Метрами десятью выше — шахта кончилась, Андрей выпрыгнул на уступ. Это было место, где они попадали в нужный коридор. Внизу, по скобам лязгали сапоги его спутников.
-Пошевеливайся!
Пляс скудных теней и бликов света от фонарика. Шумное, пыхтящее, в тишине блока движение.
-Блин, пыль! — Зло пропыхтел Васильевич, вставая на пол черного коридора. Пыли действительно было полно. Они поднимали её своими сапогами — заповедная пыль взорвавшегося реактора. Во мраке цвета её не было видно, да только она красновато-бурого оттенка. Такая же пыль была внутри бассейна-барботера, и вокруг него. Это цвет распылившегося топлива реактора. Превышение уровня «альфа» излучения над принятым как "допустимый", временами, достигало миллиона раз. Целью путешествия и было желание Васильевича сделать контрольные мазки. По-простому, это потереть тряпочкой поверхность, чтобы потом обмерить тряпицу на предмет радиоактивного загрязнения. За отворенною дверью справа, мимо которой прошли, открывалось большое помещение, словно без потолка. Луч света не достигал предела. По силуэтам монтажных столов, штангам, Андрей узнал помещение сборки топлива. Здесь готовили к постановке в реактор новые кассеты. Коридор привел к маршевой лестнице. Теперь надо было спешить вверх.
Один марш, другой, третий, четвертый, пятый, шестой...

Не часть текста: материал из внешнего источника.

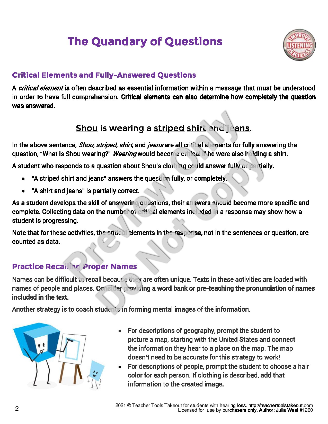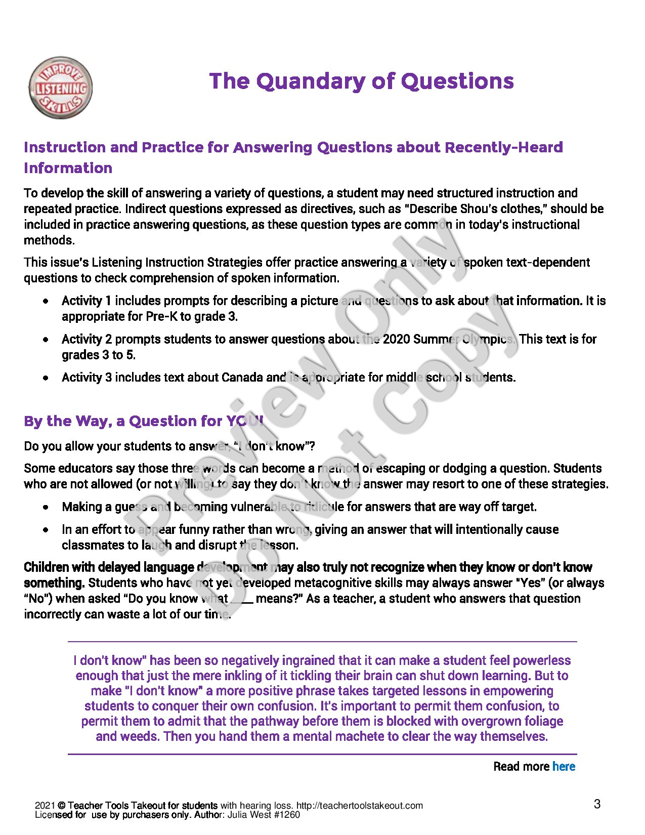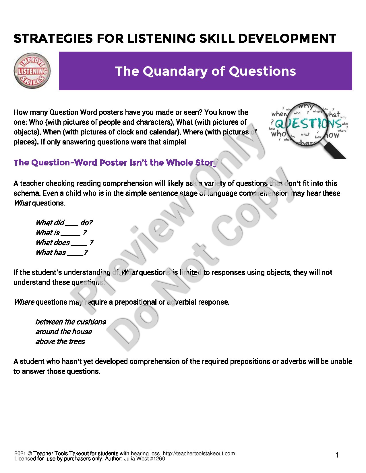 Shop Now| This exceptional article goes beyond the who, what, when, where, how of questions and digs into what students need to know at a deeper level, when comprehending how to most appropriately answer questions. |

Когда-то давно в доброе, мирное старое время по этой лестнице, только третьего блока, Андрей вел молодую женщину. В ту пору он работал на этой лучшей в Минэнерго атомной станции, которой даже было присвоено имя Ленина, жил в Припяти, был женат. Потайным путем он вознамерился провести свою жену, Елену, показать ей атомный блок. В центральном Зале во всю продолжалась загрузка Активной Зоны. Физпуск реактора был произведен с месяц назад. У штатных проходов проверяли пропуска. И Андрей повел ее в обход, к лестнице выводящей в ЦЗ с дальней стороны, со стороны резервного пульта крановщика.
Под брюхо гигантского бетонного сооружения Блока вел широкий тоннель, с проложенными в нем рельсами. Сюда должны были заходить железнодорожные вагоны, привозящие и забирающие ядерное топливо. Из тоннеля, в боковой стене был проход к залу Главных Насосов. Потянулись серые мрачные коридоры утробы Блока.

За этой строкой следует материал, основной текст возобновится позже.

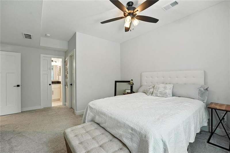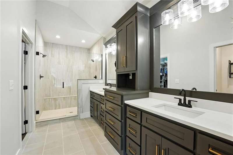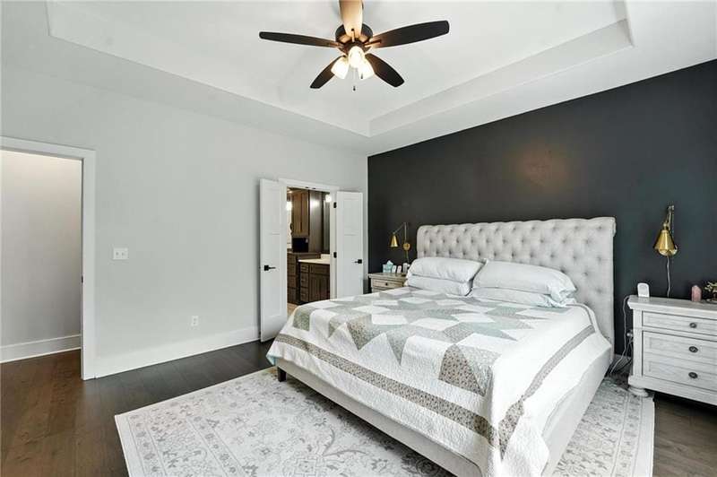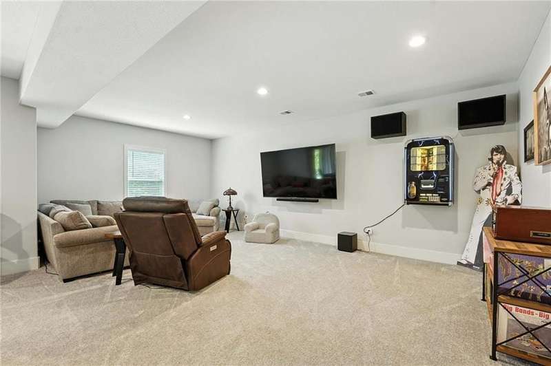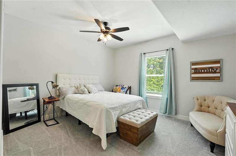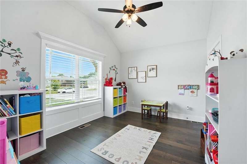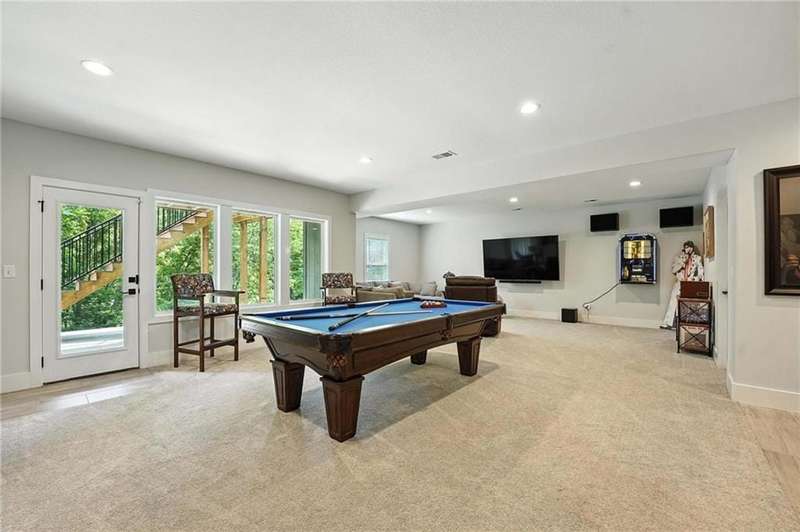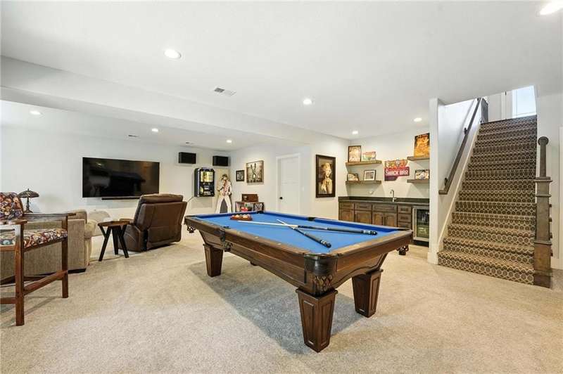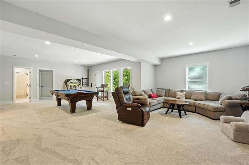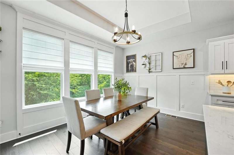 Welcome to this beautifully designed Reverse 1.5 Story home offering 4 bedrooms, 3 full bathrooms, and over 3,150 square feet of living space. Thoughtfully built for comfort and entertainment. Step inside to find a stunning kitchen with hardwood floors, a gas range, quartz countertops, soft close cabinets, and a walk-in pantry with built in appliance station. The main living area impresses with 9ft ceilings and a stunning stone fireplace, creating a warm and inviting centerpiece. Large laundry room on the main level with additional cabinet storage. All bathrooms are upgraded with sleek granite countertops and tile flooring, adding a touch of luxury throughout the home. Downstairs, enjoy a massive living area perfect for movie nights or hosting friends, complete with a granite-topped wet bar and a built-in mini fridge. This property backs up to green space offering plenty of privacy. View the backyard from the covered deck overlooking a fully fenced yard or enter out the walk-out basement that opens to a private patio retreat. The deep 3 car garage offers ample space for storage or large vehicles. Beautiful landscaping with gorgeous river rock for low maintenance flower beds. Dont miss your chance to own this versatile and elegant homeperfectly blending everyday functionality with standout features for entertaining.

Елена не подавала ни реплики. Только тормозилась и смотрела большими глазами. Огромные, как дом, циркуляционные насосы. Наконец, они протиснулись через прутья арматуры, которыми был заварен вход на заветную дальнюю лестницу. Начали долгий подъем на высоту пятнадцатого этажа. И — вышли в огромный светлый зал. Бело одетые люди, точно муравьишки, копошились вдали на пятаке реактора. Кран-балкой в Зону деловито опускали-ставили очередные семиметровые сборки — топливные кассеты. Из невидимого динамика, усиленные, периодически срывались и капали на пол зала звуки: «Пик!» — приходя от «пересчетки» — прибора, контролирующего цепную реакцию. «Пик-пик-пик-пик-пик!» — начала бы петь пересчетка веселее, если бы процесс пошел развиваться.
«Пик!»
В Зале командовал Валера Беляев. Строгий начальник смены. И Андрей заопасался, что тот рассердится на него за вольность. Подошел к нему.

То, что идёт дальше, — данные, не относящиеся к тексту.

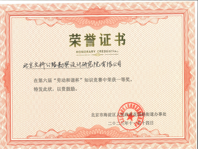 11月14日下午,设计院受邀参加花园路街道办事处组织的第六届“劳动和谐杯”知识竞赛。公司选派孙亚欣、高也雯、王梅等3人组队代表公司参赛,荣获一等奖。

Между тем, робея, Елена никуда не стронулась из угла, в который вышли. Издалека казалась маленькой бусиной, потерянной на блестящем нержавеющем полу Зала… Валера упрека не высказал, даже поулыбался. Однако Андрей не стал испытывать его терпение. Побыв минут пять-десять, тем же путем они ушли. Полчаса спустя, после долгих мрачных переходов внутри холодного бетона, после холодной тишины — впереди призывно воссиял свет в конце тоннеля. Андрей даже прибавил шаг, невольно обгоняя спутницу. Заставил себя притормозить. Вышли наружу, — как выпрыгнули на волю, — оставив позади давящий сумрак бетонной махины, — ее зев словно дышал холодом в спину.
Стрекотание кузнечиков! Этот звон, лезущий со всех сторон в уши. Вздох — жар лета.
Голубое небо в пухе облаков. И — запах травы. Жизнь.
- Ну и как? – с наигранной беспечностью, сам испытывая неимоверное облегченье, переживая за спутницу, спросил Андрей.
-Как в пещере у циклопа. – Елена невольно оглянулась.
По дороге подъема в Зал должен был попасться туалет, — Андрей ожидал его появление в качестве ориентира. Во время физпуска этот туалет, расположенный одним маршем ниже Центрального Зала, использовал Коля Любочкин, прикомандированный к смене Андрея в качестве контролирующего физика от смоленского ЦНИИПа. По правилам, физпуск разрешалось производить только при подготовленных санитарных условиях. И в день обследования санитарной комиссией — санузел работал.
Начался физпуск. Загрузка топливных кассет в реактор. Восьмичасовая смена. Физиология организма. И в предчувствовании большой естественной нужды, глаза Коли начинали округляться. Становились огромными, как у совы, стекленели, наполнялись ужасом. Наконец, как сомнамбула, как кролик загипнотизированный удавом, по нержавеющему полу огромного высокого Зала Коля следовал — туда.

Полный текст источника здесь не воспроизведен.